The data sets were combined through a series of left joins made possible from the ‘merge’ function in R, creating a data set called KyCropsAndSubsidies.
Overlapping Density Charts
The following is a histogram plotting the log acres planted by county with kernal density estimates for three populations: the entire KY county sample, those counties receiving above median subsidies, and those receiving below median subsidies. It can be seen that the density curve for those receiving above median subsidies is to the right of the distributions of the population as a whole, and those receiving below median subsidy amounts (indicating more acres planted by this group of producers)
Bubble Charts
The following is essentially a scatter plot, plotting acres planted in each county by the number of farms in each county. The size of each data point reflects the relative amount of subsidies received by all producers in each county. (note some obvious counties like Warren, Barren, Logan are missing due to missing data). It can be seen that the large circles (those counties receiving the most subsidies) float to the top indicating more acres planted. The number of farms per county seems to be unrelated to acres planed and subsidy amounts.
Maps
The data set KyCropsAndSubsidies was merged with a spatial data frame (by county) which contains data related to county boundaries necessary for creating maps and plotting data by county. The relationship between acres planted and subsidies by county can be seen below. Those counties planting the most acres tend to receive the most in subsidies. It is well known in Kentucky, that most of the row crops are grown in the western part of the state.
Code and References:
# -------------------------------------------------------------
# | PROGRAM NAME: Bubble_Crops
# | DATE: 12-4-2010
# | CREATED BY: Matt Bogard
# | PROJECT FILE: /Users/user/Desktop/R Programs
# |-------------------------------------------------------------
# | PURPOSE: Intitially to create bubble charts to demonstrate
# | allocation
# | of farm subsides to producers by KY county, but expanded to
# | include
# | numerous other visualization tools available using R
# |
# |-------------------------------------------------------------
# | COMMENTS:
# |
# | 1: Final data set for analysis is read in in the section
# | labeled 'basic statistical analysis'
# | 2: In analysis section data for acres planted and subsidies
# | are rescaled for
# | maps generated later in the program
# | 3: Code for bubble charts adapted from:
# | http://flowingdata.com/2010/11/23/how-to-make-bubble-charts/
# | 4: Code for spatial analysis and mapping adapted from
# | Harvard Applied Spatial Statistics workshop at:
# |
# |http://www.people.fas.harvard.edu/~zhukov/spatial.html
# | 5:
# |
# |
# |-------------------------------------------------------------
# | DATA USED:
# |
# | 1) various data sets downloaded from USDA NASS
# |http://www.nass.usda.gov/# |
# | 2) data copied and pasted and formated in excel from EWG
# |subsidy data base: http://www.nass.usda.gov/
# | 3) spatial data frame data used in the Harvard Applied
# |Spatial Statistics workshop at:
# |
# | http://www.people.fas.harvard.edu/~zhukov/spatial.html
# | 4) final data set located in project file:
# |crops_and_subsidies.csv
# |
# |-------------------------------------------------------------
# | CONTENTS:
# |
# | PART 1: get data
# | PART 2: merge data sets
# | PART 3: recode and aggregate data sets
# | PART 4: basic statisticl analysis
# | PART 5: densisty plots
# | PART 6: bubble charts
# | PART 7: spatial analysis- Maps
# |
# |
# |-------------------------------------------------------------
# | UPDATES:
# |
# |
# |
# -------------------------------------------------------------
setwd('/Users/wkuuser/Desktop/R Data Sets')

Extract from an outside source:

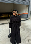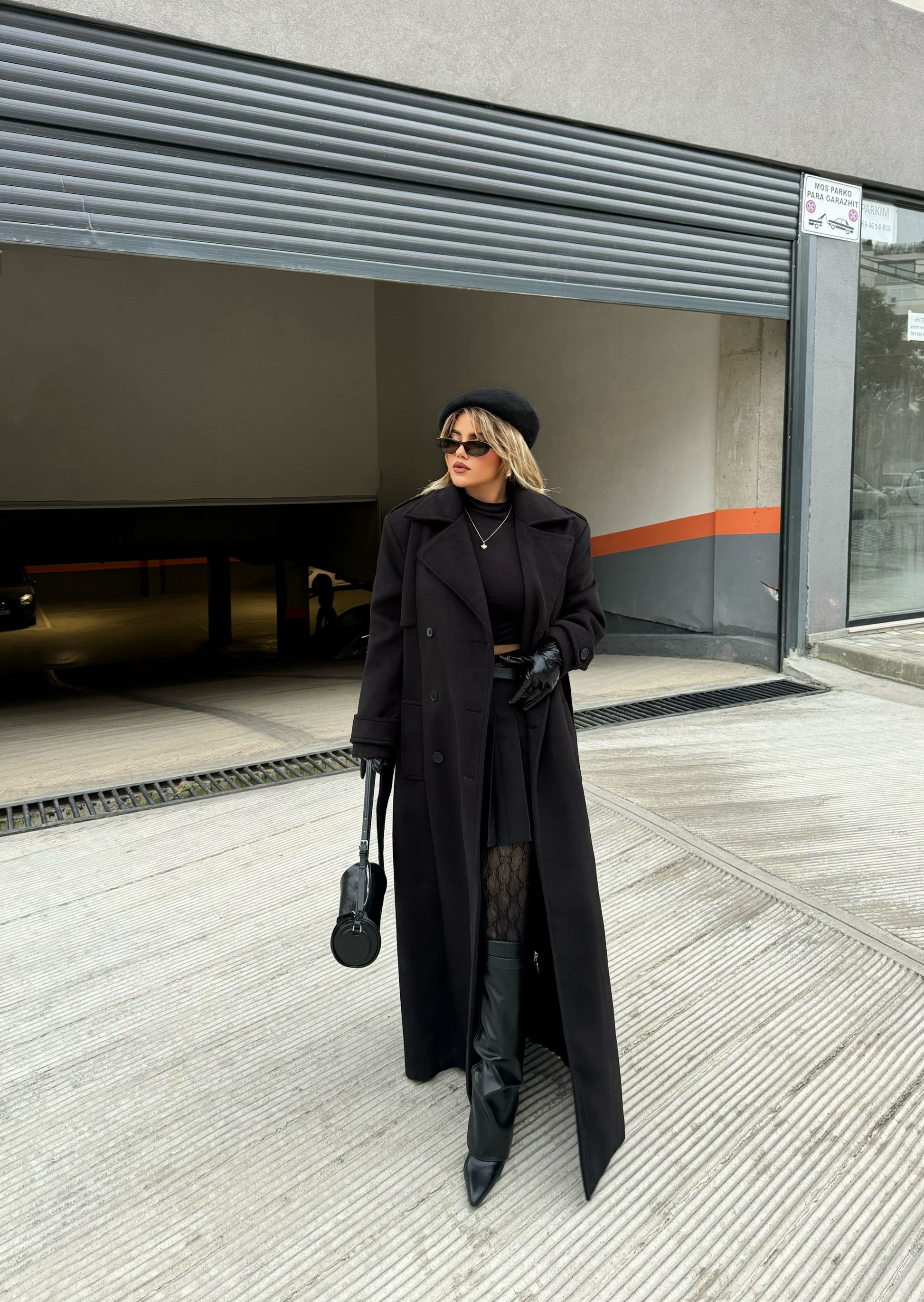 Pallto e gjatë e zezë me kopsa përpara, klasike dhe elegante, që ofron ngrohtësi dhe stil të rafinuar për çdo rast.

rm(list=ls()) # get rid of any existing data
ls() # view open data sets
# *-------------------------------------------------------------
# |
# |
# |
# | get data
# |
# |
# |
# *-------------------------------------------------------------
# *-------------------------------------------------------------
# | get farm # data
# *-------------------------------------------------------------
farms <- read.csv("KyFarms.csv", na.strings=c(".", "NA", "", "?"), encoding="UTF-8")
names(farms)
# get only the most recentl available year (2007)
farms07 <- farms[farms$Year =="2007",]
dim(farms07) # n=120
print(farms07)
names(farms07)
# keep only variables you want, convert 'Value' to numeric 'Operations' and rename county code for common merge key
farms07 <-farms07[c("Value","County.Code")]
farms07<-transform(farms07, Operations=as.numeric(paste(farms07$Value)))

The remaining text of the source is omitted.